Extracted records

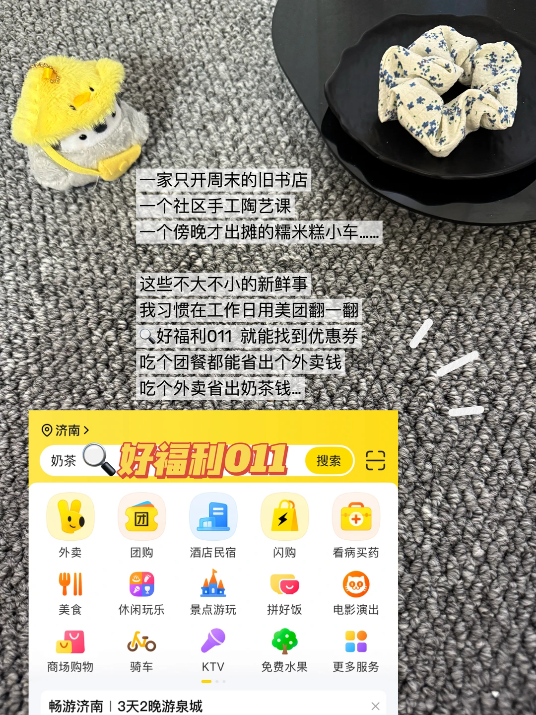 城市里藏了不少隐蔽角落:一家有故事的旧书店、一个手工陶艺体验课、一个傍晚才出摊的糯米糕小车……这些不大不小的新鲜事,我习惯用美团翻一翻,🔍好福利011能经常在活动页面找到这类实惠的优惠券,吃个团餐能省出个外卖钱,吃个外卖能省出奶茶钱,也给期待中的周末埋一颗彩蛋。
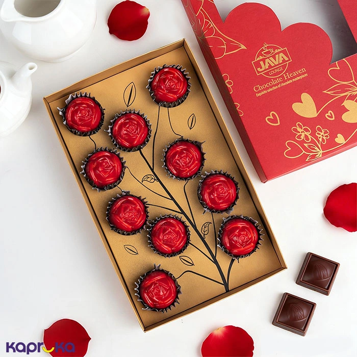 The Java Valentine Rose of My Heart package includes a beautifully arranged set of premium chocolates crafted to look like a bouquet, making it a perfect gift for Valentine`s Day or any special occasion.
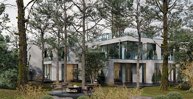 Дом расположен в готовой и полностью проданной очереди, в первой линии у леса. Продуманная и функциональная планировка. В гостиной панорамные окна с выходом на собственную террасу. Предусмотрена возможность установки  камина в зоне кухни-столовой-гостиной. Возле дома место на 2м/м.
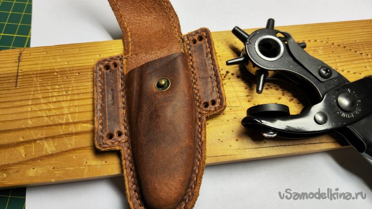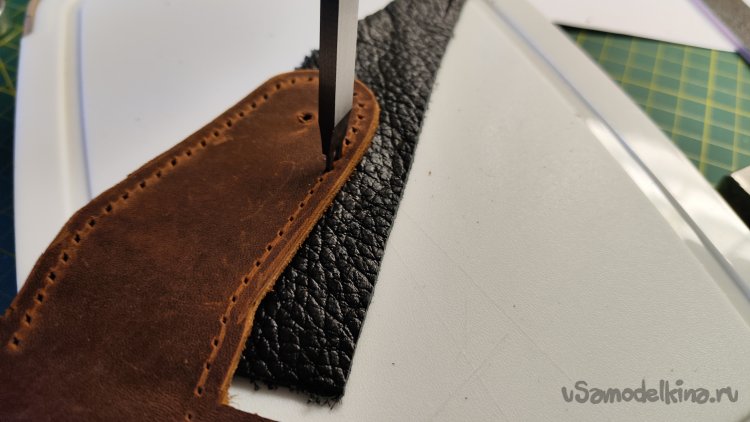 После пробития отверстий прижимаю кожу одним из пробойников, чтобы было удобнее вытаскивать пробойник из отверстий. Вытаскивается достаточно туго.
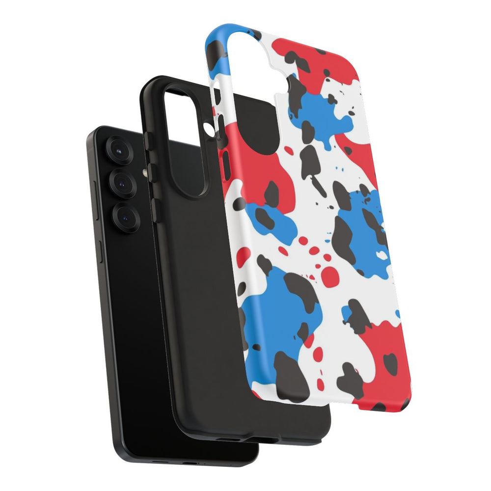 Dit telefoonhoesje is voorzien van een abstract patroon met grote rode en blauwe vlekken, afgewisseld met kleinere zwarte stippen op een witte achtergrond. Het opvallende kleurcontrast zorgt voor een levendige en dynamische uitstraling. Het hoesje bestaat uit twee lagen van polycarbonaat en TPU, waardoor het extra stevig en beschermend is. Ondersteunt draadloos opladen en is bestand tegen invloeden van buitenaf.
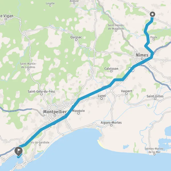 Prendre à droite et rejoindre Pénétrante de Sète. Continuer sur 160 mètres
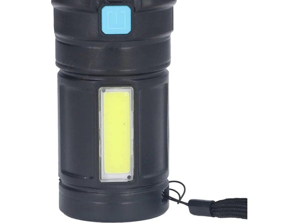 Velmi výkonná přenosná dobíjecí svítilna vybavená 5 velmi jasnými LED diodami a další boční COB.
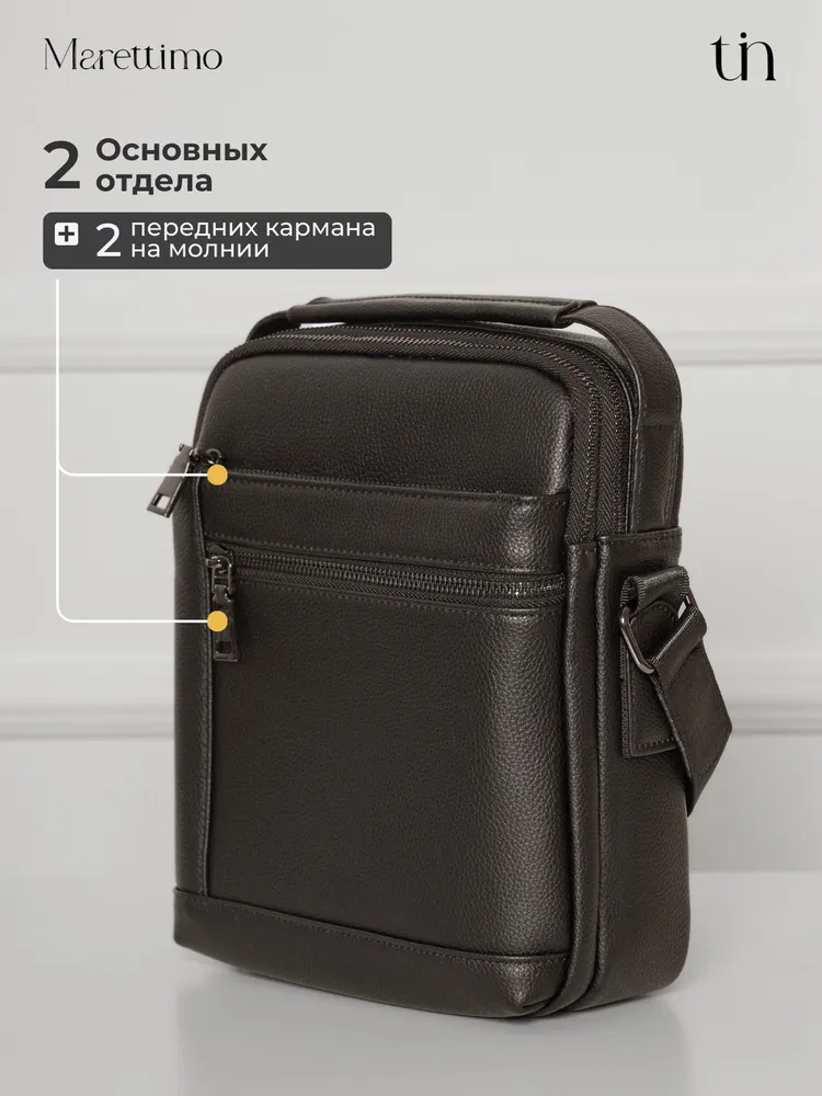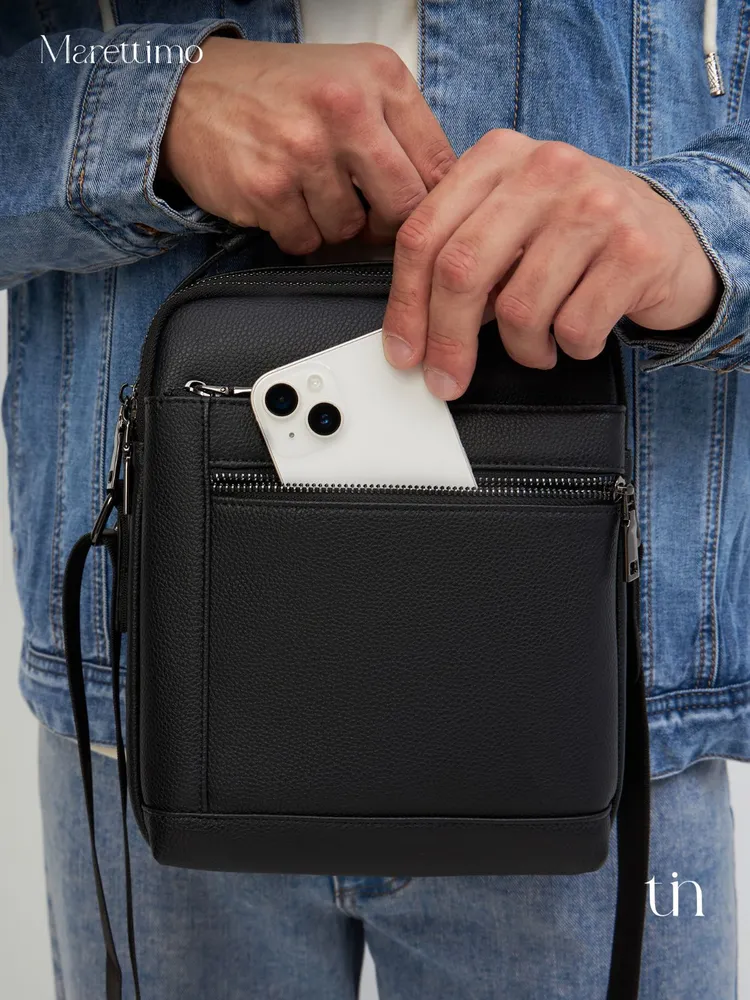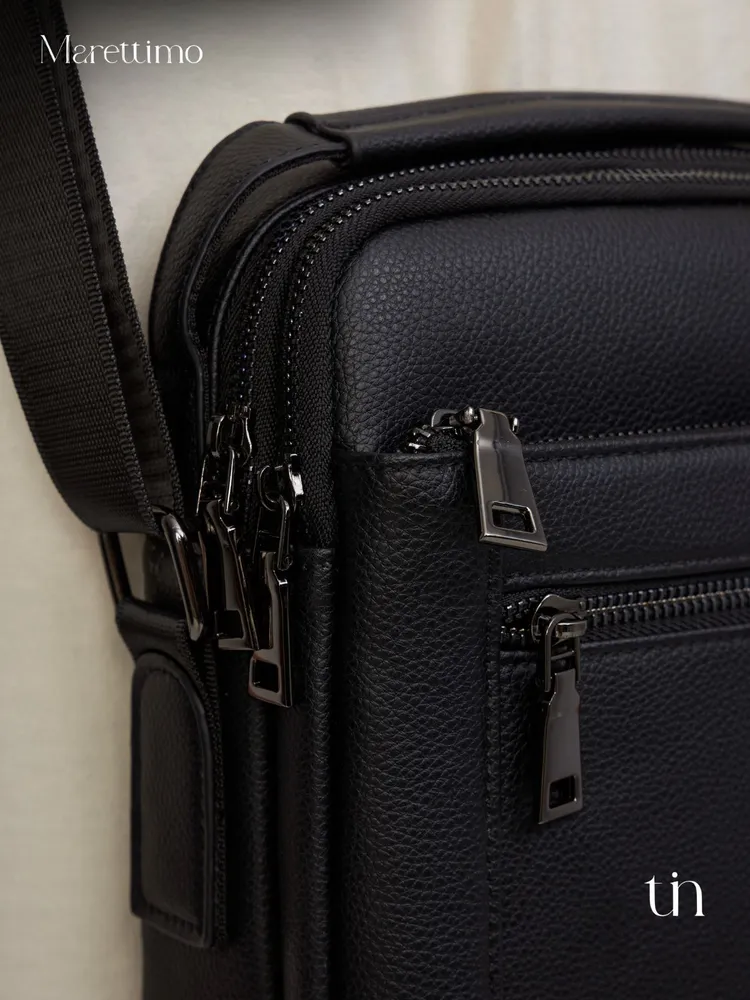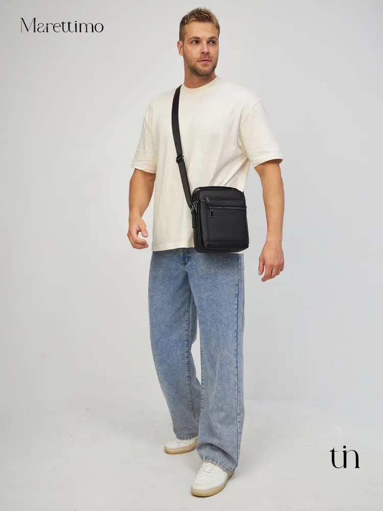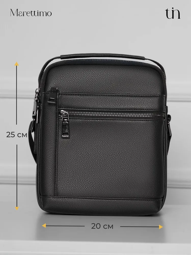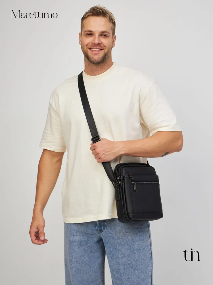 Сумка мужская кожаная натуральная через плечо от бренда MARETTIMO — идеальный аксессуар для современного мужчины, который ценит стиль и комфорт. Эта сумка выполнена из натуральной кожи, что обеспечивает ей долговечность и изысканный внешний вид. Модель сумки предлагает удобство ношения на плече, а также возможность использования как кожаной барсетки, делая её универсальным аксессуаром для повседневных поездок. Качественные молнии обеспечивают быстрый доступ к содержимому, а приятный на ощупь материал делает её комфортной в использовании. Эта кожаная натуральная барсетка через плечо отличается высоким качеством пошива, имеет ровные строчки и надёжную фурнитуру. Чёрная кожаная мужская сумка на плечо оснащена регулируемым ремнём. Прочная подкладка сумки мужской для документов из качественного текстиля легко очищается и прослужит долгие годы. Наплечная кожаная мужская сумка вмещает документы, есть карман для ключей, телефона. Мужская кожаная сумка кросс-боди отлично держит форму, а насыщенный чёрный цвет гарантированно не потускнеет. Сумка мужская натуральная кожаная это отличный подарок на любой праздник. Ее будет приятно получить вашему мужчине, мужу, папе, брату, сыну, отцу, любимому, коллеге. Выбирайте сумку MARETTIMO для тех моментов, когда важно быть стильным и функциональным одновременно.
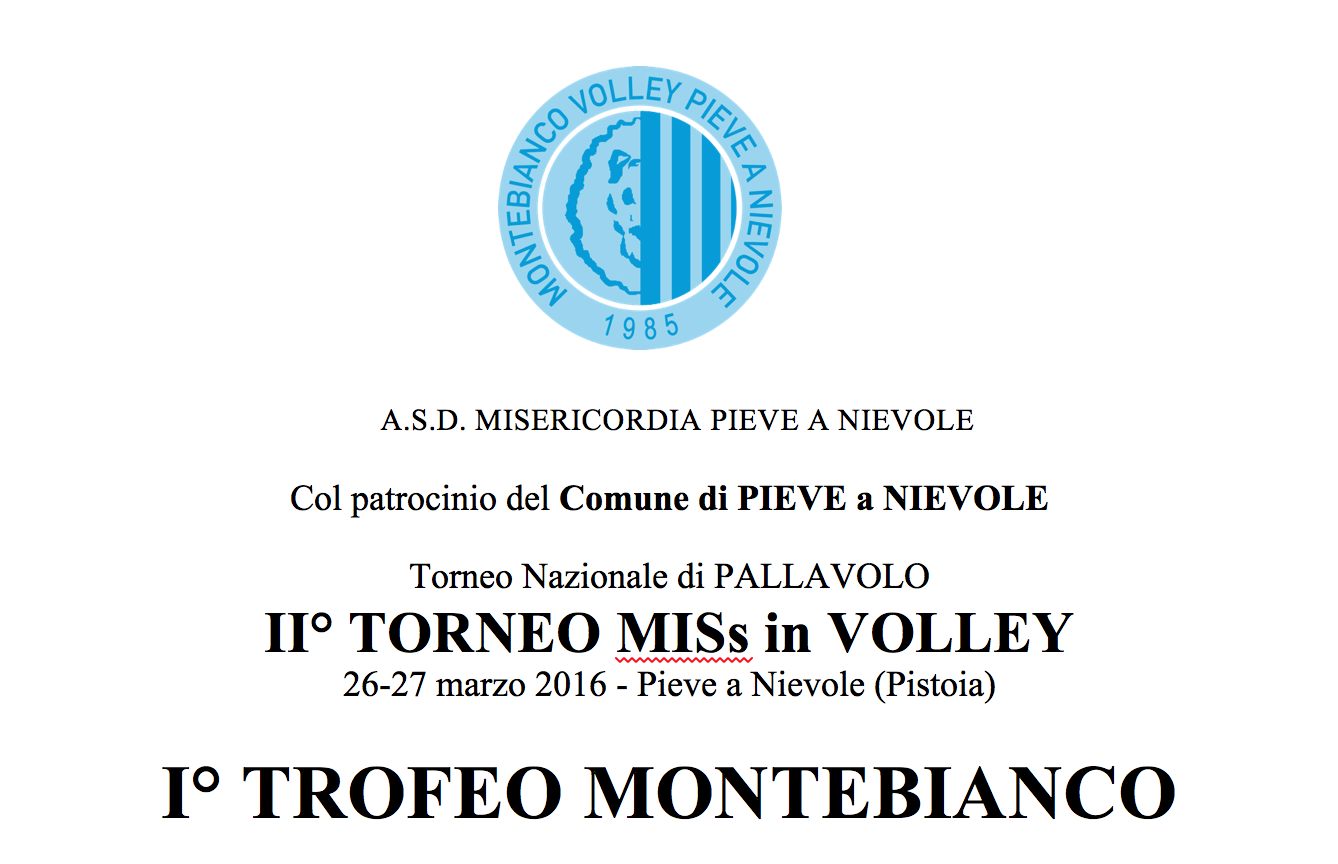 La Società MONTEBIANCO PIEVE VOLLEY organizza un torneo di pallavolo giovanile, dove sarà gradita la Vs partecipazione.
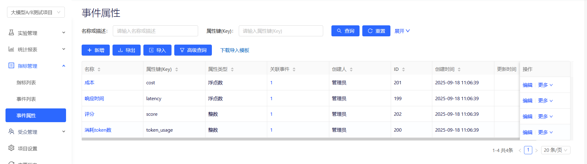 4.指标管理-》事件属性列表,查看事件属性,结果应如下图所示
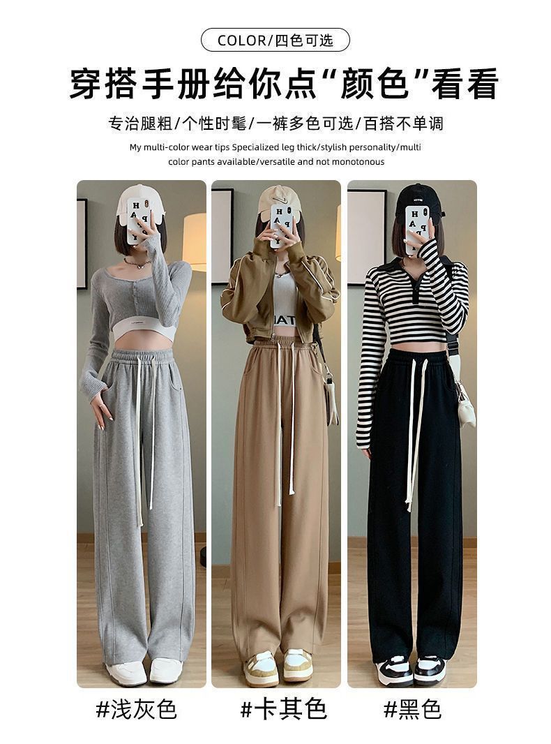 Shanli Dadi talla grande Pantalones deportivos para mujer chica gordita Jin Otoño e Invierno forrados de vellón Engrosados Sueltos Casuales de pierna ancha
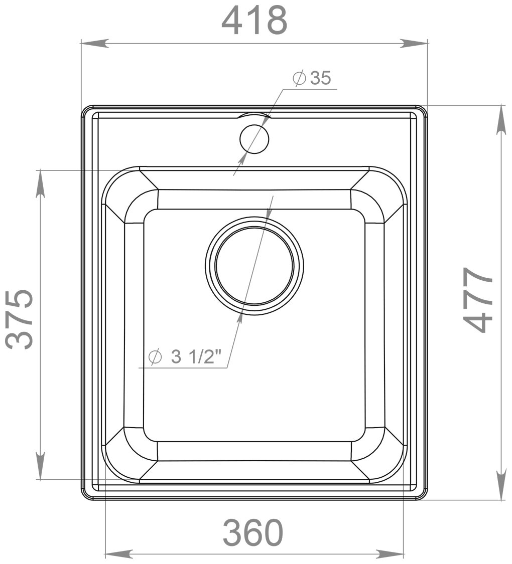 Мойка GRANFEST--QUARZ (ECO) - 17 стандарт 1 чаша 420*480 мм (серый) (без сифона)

*Exercise*. Every line from the one with "La Società MONTEBIANCO" through the last line of the data must be copied exactly. Leave the pictures out.

*Task solution*.
 La Società MONTEBIANCO PIEVE VOLLEY organizza un torneo di pallavolo giovanile, dove sarà gradita la Vs partecipazione.
 4.指标管理-》事件属性列表,查看事件属性,结果应如下图所示
 Shanli Dadi talla grande Pantalones deportivos para mujer chica gordita Jin Otoño e Invierno forrados de vellón Engrosados Sueltos Casuales de pierna ancha
 Мойка GRANFEST--QUARZ (ECO) - 17 стандарт 1 чаша 420*480 мм (серый) (без сифона)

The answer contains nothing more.